When TRIAGE_ENABLE_COMMANDS=1, the server executes the relevant triage commands for each alert (via SSH or locally), captures stdout/stderr, and appends the results to both the OpenRouter prompt and the HTTP response JSON. This lets you automate evidence gathering directly from the runbook instructions. Use environment variables to control which user/host the commands target and to limit timeouts/output size. LangChain powers the multi-turn investigation flow: the LLM can call the provided tools (run_local_command, run_ssh_command) to gather additional evidence until its ready to deliver a final summary. When /etc/ansible/hosts (or ANSIBLE_HOSTS_PATH) is available the server automatically enriches the alert context with SSH metadata (user, host, port, identity file, and common args) so runbook commands default to using SSH against the alerting host instead of the webhook server.
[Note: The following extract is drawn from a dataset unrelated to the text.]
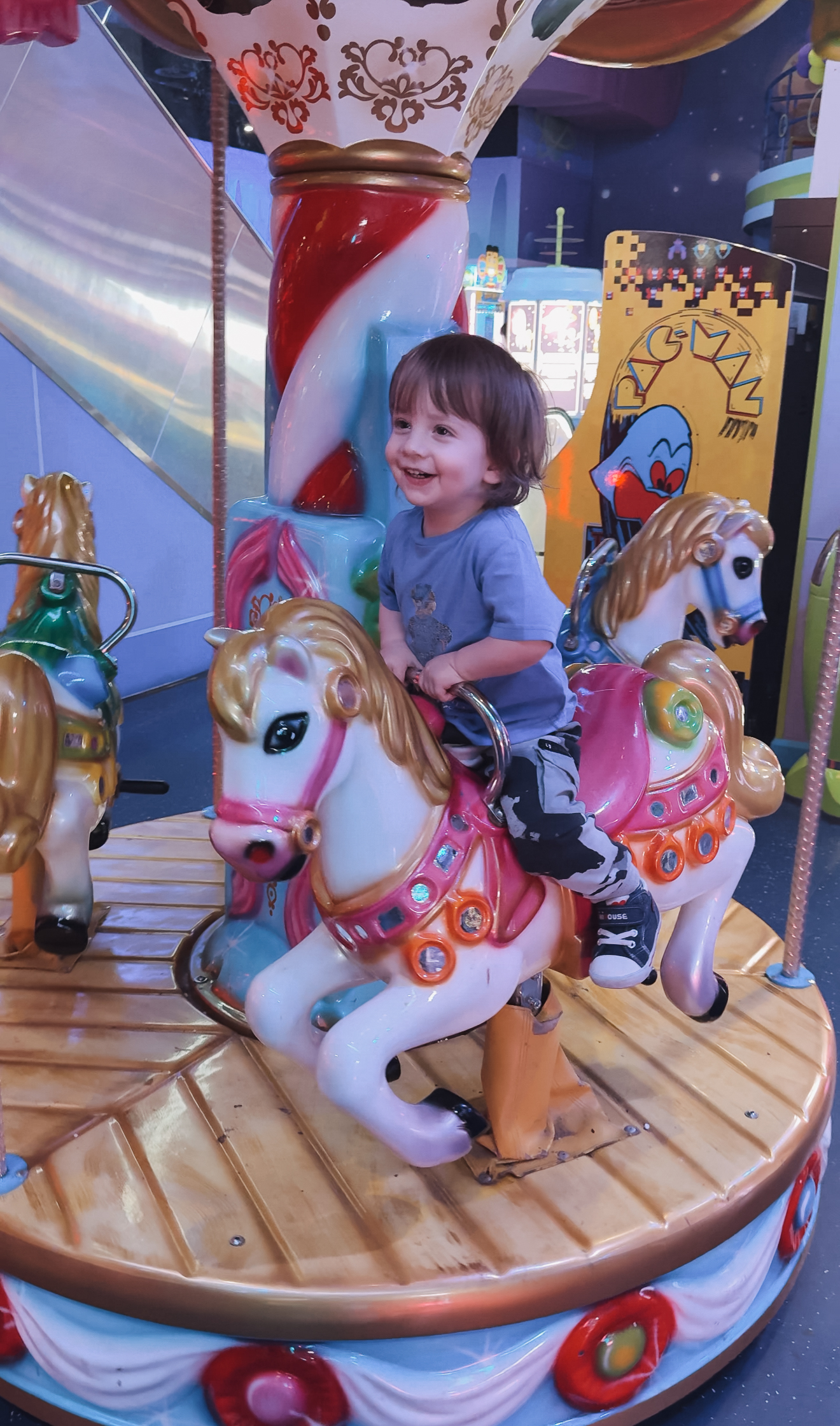 Babylon – A theme park that is entirely indoors with a fun space theme. There’s lots of attractions such as an indoor roller coaster (thrill seeking Oscar loved this!), bumper cars, video games plus a soft play. There’s lots for toddlers too and Noah liked the carousel.

Running with Docker Compose

  1. Copy .env.example to .env and fill in your OpenRouter key, email SMTP settings, and other toggles.
  2. Place any SSH keys the webhook needs inside ./.ssh/ (the compose file mounts this directory read-only inside the container).
  3. Run docker compose up -d to build and launch the webhook. It listens on port 8081 by default and uses the mounted alert_runbook.yaml plus the host /etc/ansible/hosts.
  4. Use docker compose logs -f to watch verbose LangChain output or restart with docker compose restart when updating the code/runbook.

Sample payload

curl -X POST http://localhost:8081/alerts \
  -H 'Content-Type: application/json' \
  -d '{
        "status":"firing",
        "ruleUid":"edkmsdmlay2o0c",
        "ruleUrl":"http://casper:3000/alerting/grafana/edkmsdmlay2o0c/view",
        "alerts":[
          {
            "status":"firing",
            "labels":{
              "alertname":"High Mem.",
              "host":"unit-02",
              "rule_uid":"edkmsdmlay2o0c"
            },
            "annotations":{
              "summary":"Memory usage above 95% for 10m",
              "value":"96.2%"
            },
            "startsAt":"2025-09-22T17:20:00Z",
            "endsAt":"0001-01-01T00:00:00Z"
          }
        ]
      }'

With a valid OpenRouter key this returns a JSON body containing the LLM summary per alert plus any unmatched alerts (missing runbook entries or rule UIDs).

Testing without OpenRouter

Set OPENROUTER_API_KEY=dummy and point the DNS entry to a mock (e.g. mitmproxy) if you need to capture outbound requests. Otherwise, hits will fail fast with HTTP 502 so Grafana knows the automation need to be retried.